Upon crossing under I-95/US 202, a westbound ramp to I-95/US 202 complements the eastbound direction of DE 48, with the road becoming Martin Luther King Jr. Boulevard, a six-lane divided highway. Westbound DE 48 remains along one-way West Second Street, which carries three lanes. DE 48 intersects the eastern terminus of DE 4, which provides access to DE 48 from the northbound direction of I-95/US 202. The one-way pair continues further into the downtown, passing to the south of the Orlando J. George, Jr.

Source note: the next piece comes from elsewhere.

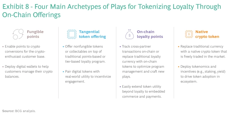 Tokenization Strategy. Institutions must then think through the tokenization strategy they’ll use to deploy, complement, or replace current offerings and help them execute against identified objectives. The options fall along a spectrum of archetypes that vary by technical and regulatory complexity. Careful financial modeling must accompany the chosen archetype to ensure that it achieves desirable financial objectives for the overall loyalty offering. Four archetypes exist (see Exhibit 8):

Campus of Delaware Technical Community College, and runs a short distance to the north of Amtrak's Northeast Corridor railroad line. The route intersects the southbound direction of US 13 Bus., which shifts west from North King Street to South Market Street where it intersects DE 48. At this point, the westbound direction of Martin Luther King Jr. Boulevard ends. Following the intersection with US 13 Bus. southbound, DE 48 follows the one-way pair of Front Street eastbound and East Second Street westbound. Along this stretch, the route passes to the north of Wilmington Station along the Northeast Corridor that serves Amtrak and SEPTA's Wilmington/Newark Line, with the train station's parking garage and the Wilmington Bus Station serving Greyhound Lines buses located between Front Street and East Second Street west of the French Street intersection. DE 48 reaches its eastern terminus at an intersection with the northbound direction of US 13 Bus., which follows Walnut Street, west of the Wilmington Transit Center serving DART First State buses.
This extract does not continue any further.